■ Task brief ■
Transcribe only the part of the material below that begins at the line containing "315期:彩先知贴士一字:【凭】 诗句:三阳开泰 机密特诗:狭路相逢路不通,回头已是白头翁,千山万水都走遍,一日千里四蹄踩" and ends at the line containing "Tessuto Sangallo a", with both kept and images left out.

::: Data provided

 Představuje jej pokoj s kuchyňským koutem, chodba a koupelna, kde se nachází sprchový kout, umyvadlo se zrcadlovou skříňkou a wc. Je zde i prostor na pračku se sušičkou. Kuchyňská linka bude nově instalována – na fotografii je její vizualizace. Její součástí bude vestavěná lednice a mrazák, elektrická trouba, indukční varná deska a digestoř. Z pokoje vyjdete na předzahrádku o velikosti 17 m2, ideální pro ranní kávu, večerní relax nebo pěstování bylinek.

::::::
::: Data provided

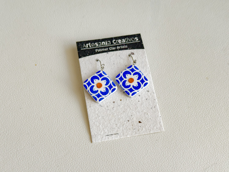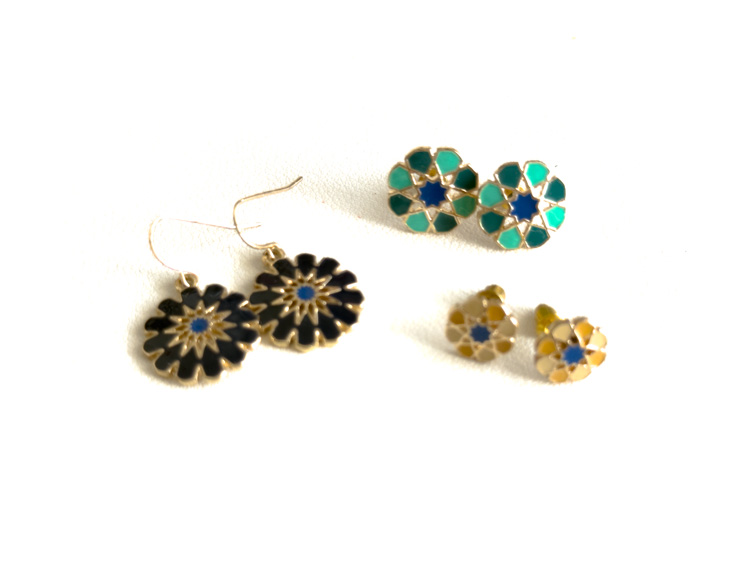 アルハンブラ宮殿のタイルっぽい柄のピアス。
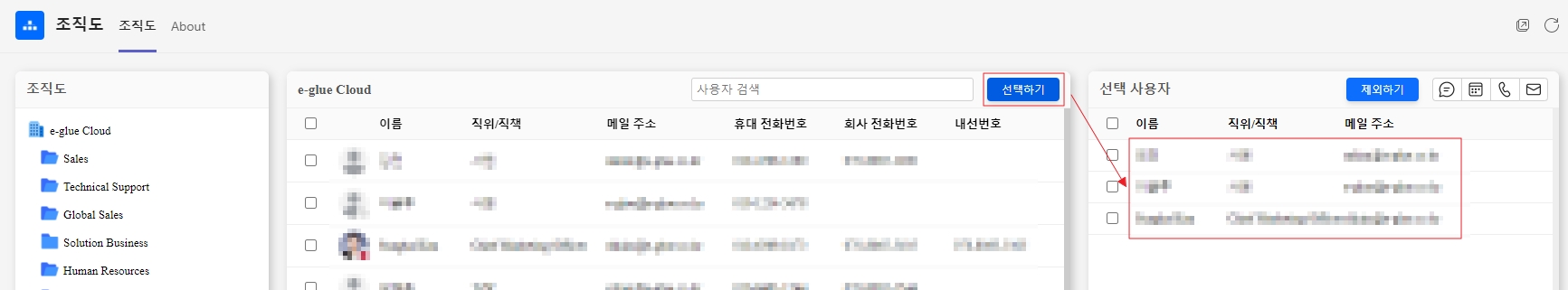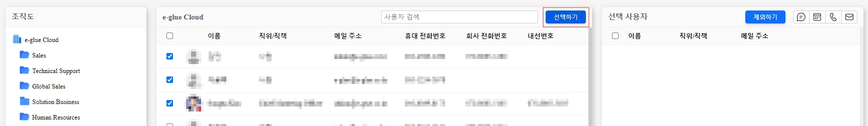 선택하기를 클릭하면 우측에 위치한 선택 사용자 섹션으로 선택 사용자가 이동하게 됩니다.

::::::
::: Data provided

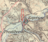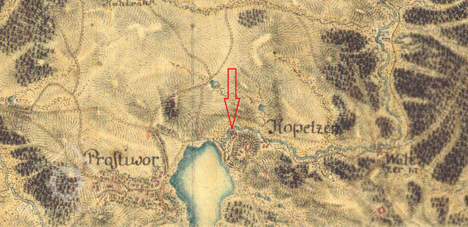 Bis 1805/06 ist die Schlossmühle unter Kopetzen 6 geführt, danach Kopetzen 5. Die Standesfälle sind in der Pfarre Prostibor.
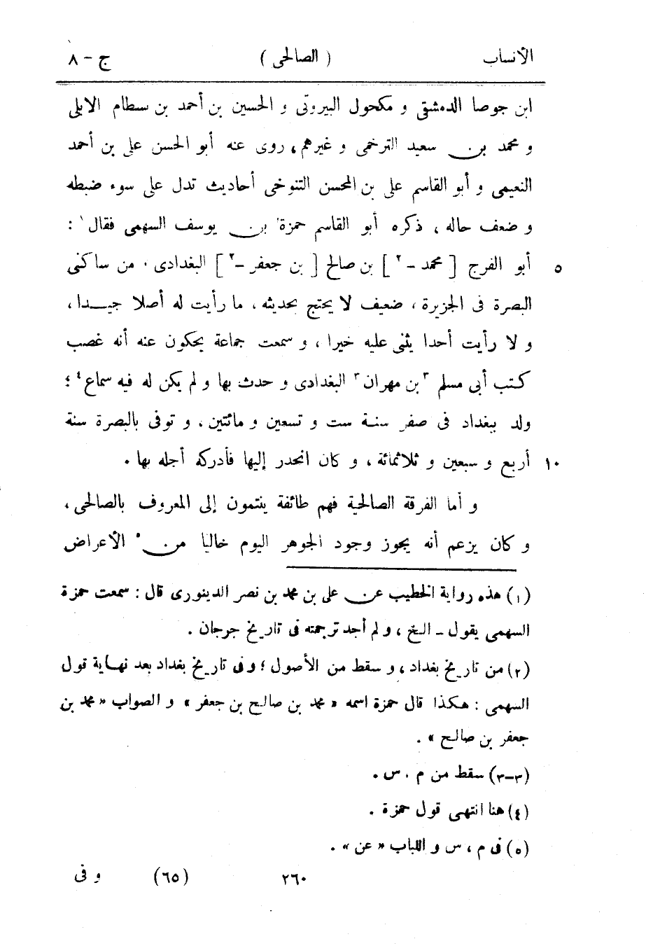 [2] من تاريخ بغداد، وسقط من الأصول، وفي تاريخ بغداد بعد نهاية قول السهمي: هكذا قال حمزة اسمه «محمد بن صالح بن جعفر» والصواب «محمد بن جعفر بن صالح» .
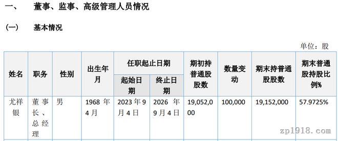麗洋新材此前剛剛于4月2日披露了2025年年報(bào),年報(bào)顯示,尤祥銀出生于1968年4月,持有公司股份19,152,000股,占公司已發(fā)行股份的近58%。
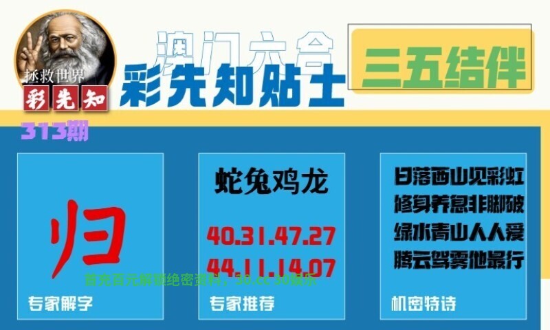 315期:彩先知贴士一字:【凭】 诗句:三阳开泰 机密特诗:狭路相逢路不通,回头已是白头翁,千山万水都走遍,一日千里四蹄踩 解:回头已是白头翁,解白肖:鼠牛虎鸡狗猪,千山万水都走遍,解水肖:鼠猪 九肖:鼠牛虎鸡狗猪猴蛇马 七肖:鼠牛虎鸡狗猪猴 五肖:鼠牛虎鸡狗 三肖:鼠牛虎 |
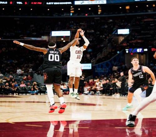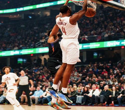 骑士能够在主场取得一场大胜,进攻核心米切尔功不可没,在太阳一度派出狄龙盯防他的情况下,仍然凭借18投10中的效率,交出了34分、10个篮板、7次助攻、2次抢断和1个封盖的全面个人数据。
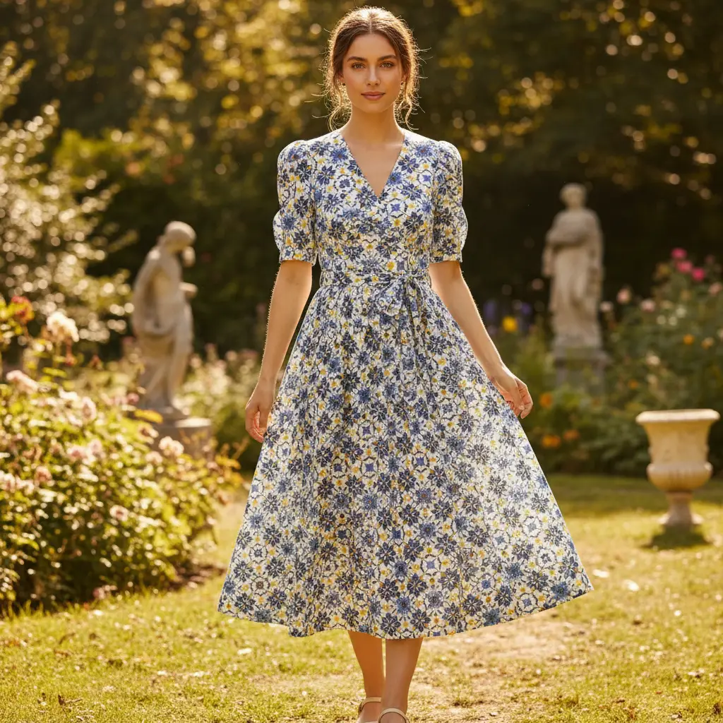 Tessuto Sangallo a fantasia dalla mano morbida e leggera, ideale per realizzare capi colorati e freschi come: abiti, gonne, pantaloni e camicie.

::::::

■ Answer to this exercise ■
 315期:彩先知贴士一字:【凭】 诗句:三阳开泰 机密特诗:狭路相逢路不通,回头已是白头翁,千山万水都走遍,一日千里四蹄踩 解:回头已是白头翁,解白肖:鼠牛虎鸡狗猪,千山万水都走遍,解水肖:鼠猪 九肖:鼠牛虎鸡狗猪猴蛇马 七肖:鼠牛虎鸡狗猪猴 五肖:鼠牛虎鸡狗 三肖:鼠牛虎 |
 骑士能够在主场取得一场大胜,进攻核心米切尔功不可没,在太阳一度派出狄龙盯防他的情况下,仍然凭借18投10中的效率,交出了34分、10个篮板、7次助攻、2次抢断和1个封盖的全面个人数据。
 Tessuto Sangallo a fantasia dalla mano morbida e leggera, ideale per realizzare capi colorati e freschi come: abiti, gonne, pantaloni e camicie.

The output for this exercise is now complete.